→ **TASK OBJECTIVE**
Repeat the data below in full. Pictures must not be part of the copy.

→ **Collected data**

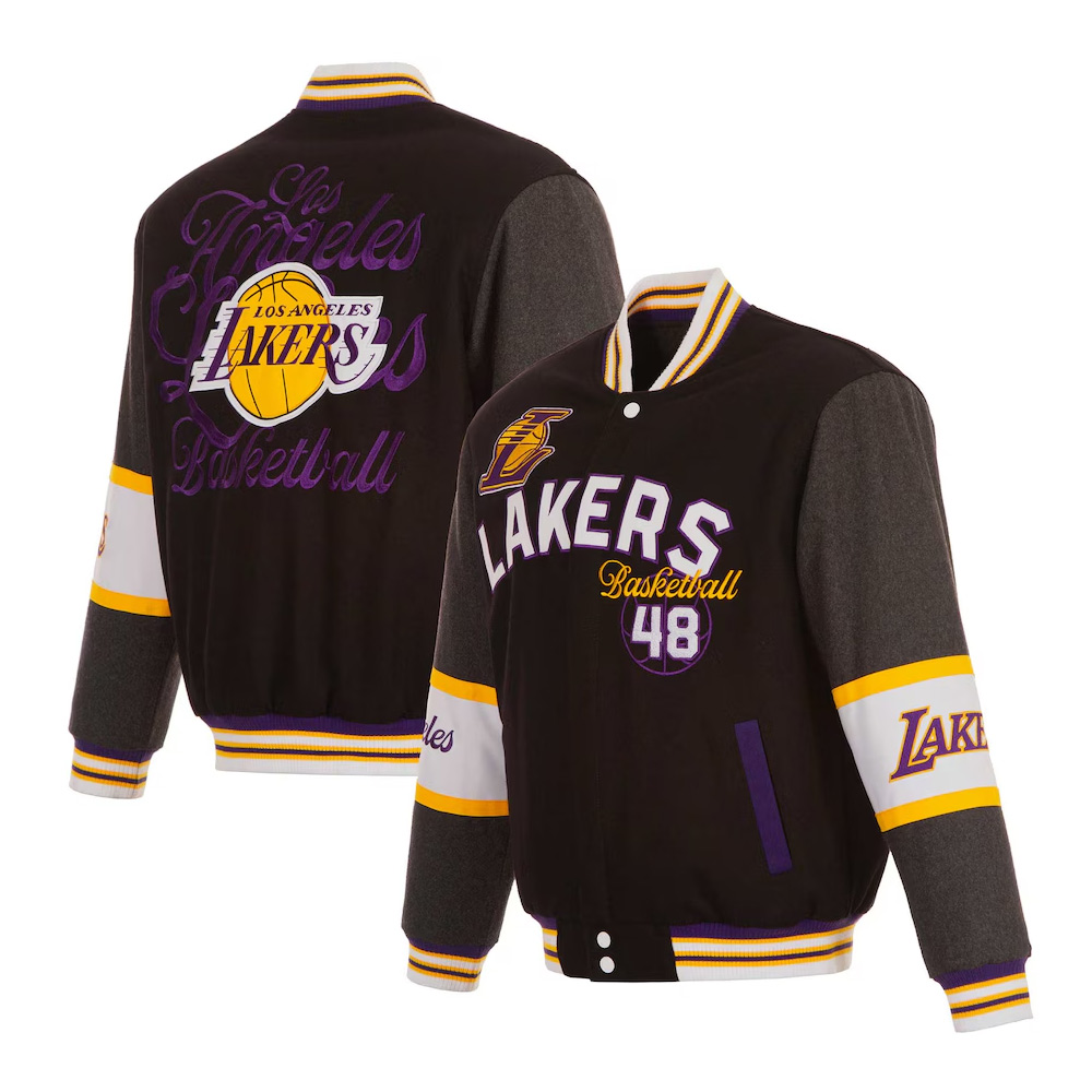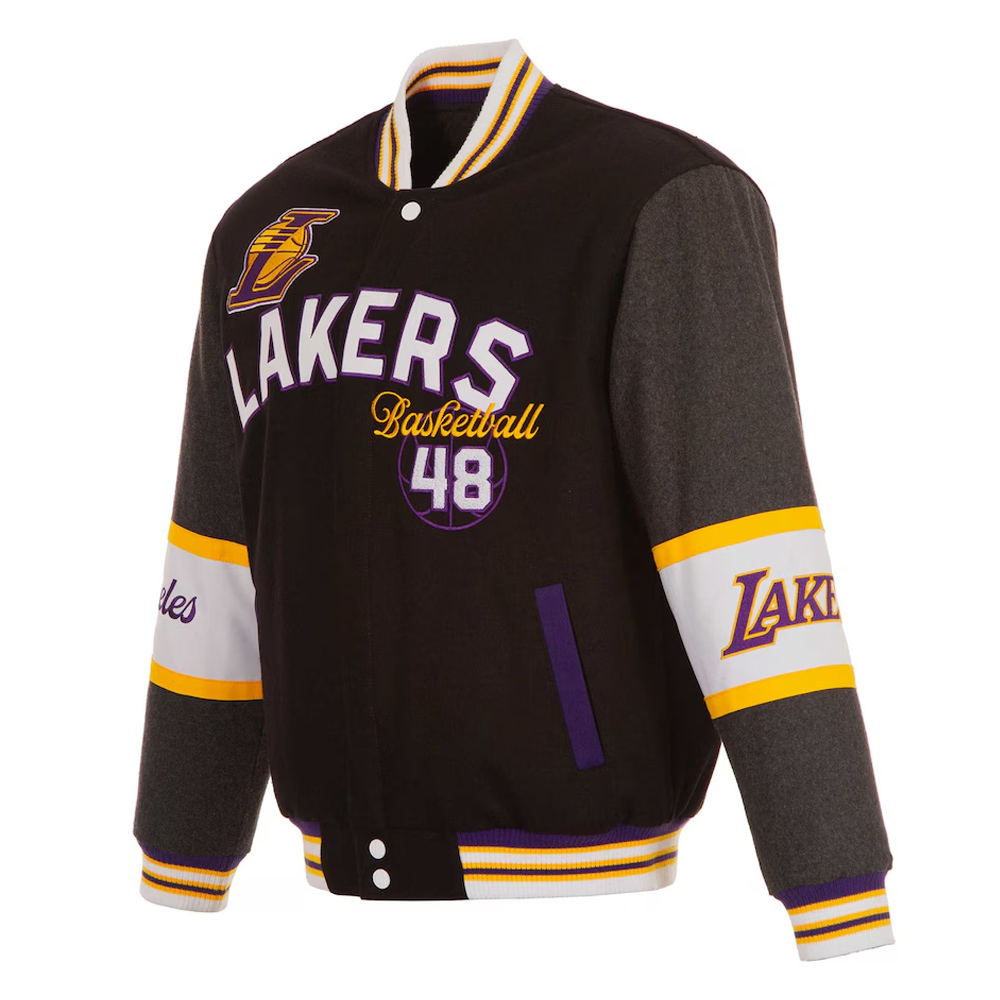 LA Lakers Black and Charcoal Varsity Wool Jacket
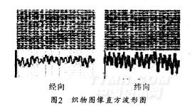 編程直方算法對各類待印織物進(jìn)行檢測試驗.結(jié)果表明織物圖像紋理的經(jīng)紗方向和緯紗方向直方投影均能生成周期及幅度相對穩(wěn)定的直方波形.如圖2所示。
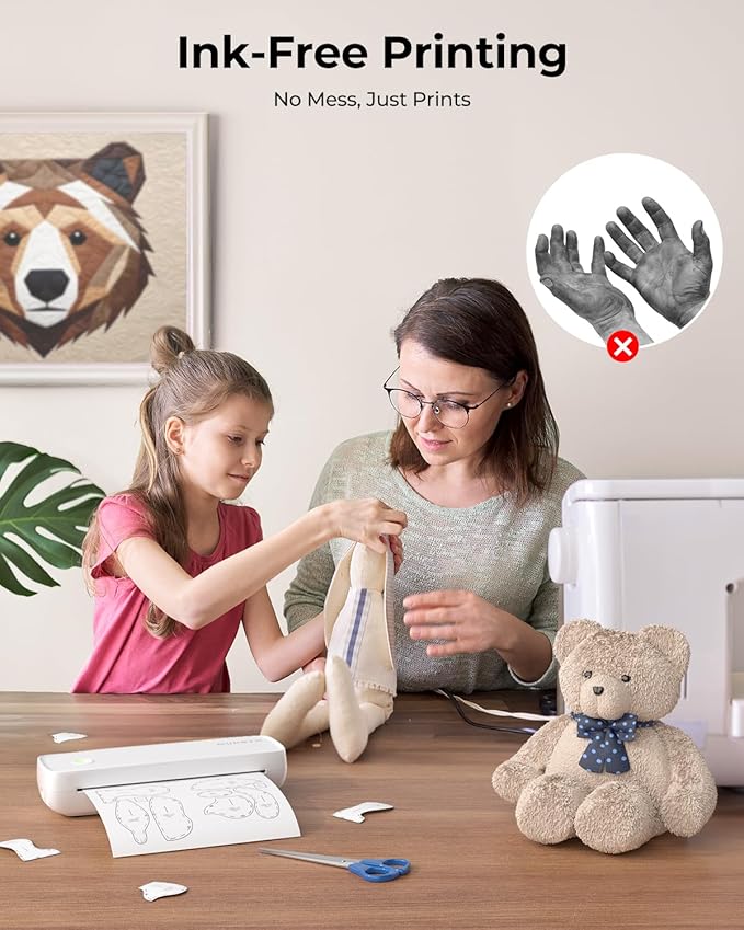 - Portable & Compact: Weighing only 750g, equivalent to a bottle of water, and measuring 11'' in length, similar to a Pad, this is a total portable printer wireless for travel. With Bluetooth connectivity, it allows you to print on the go. Additionally, the built-in 2600mAh battery ensures uninterrupted use throughout the day. Whether you're in a classroom, library, airport, or even the Grand Canyon, this small printer is all you need to print documents effortlessly.
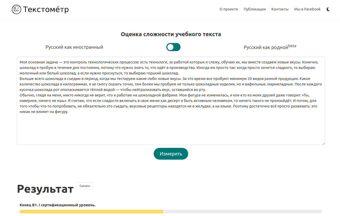 Textometr: an online tool for automated complexity level assessment of texts for Russian language learners
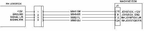 該診斷代碼與右操縱手柄前進和后退位置傳感器有關。 FMI 13 表示 ECM 已確定傳感器的信號不在預期限定范圍內(nèi)。

→ **FINAL ANSWER**
 LA Lakers Black and Charcoal Varsity Wool Jacket
 編程直方算法對各類待印織物進(jìn)行檢測試驗.結(jié)果表明織物圖像紋理的經(jīng)紗方向和緯紗方向直方投影均能生成周期及幅度相對穩(wěn)定的直方波形.如圖2所示。
 - Portable & Compact: Weighing only 750g, equivalent to a bottle of water, and measuring 11'' in length, similar to a Pad, this is a total portable printer wireless for travel. With Bluetooth connectivity, it allows you to print on the go. Additionally, the built-in 2600mAh battery ensures uninterrupted use throughout the day. Whether you're in a classroom, library, airport, or even the Grand Canyon, this small printer is all you need to print documents effortlessly.
 Textometr: an online tool for automated complexity level assessment of texts for Russian language learners
 該診斷代碼與右操縱手柄前進和后退位置傳感器有關。 FMI 13 表示 ECM 已確定傳感器的信號不在預期限定范圍內(nèi)。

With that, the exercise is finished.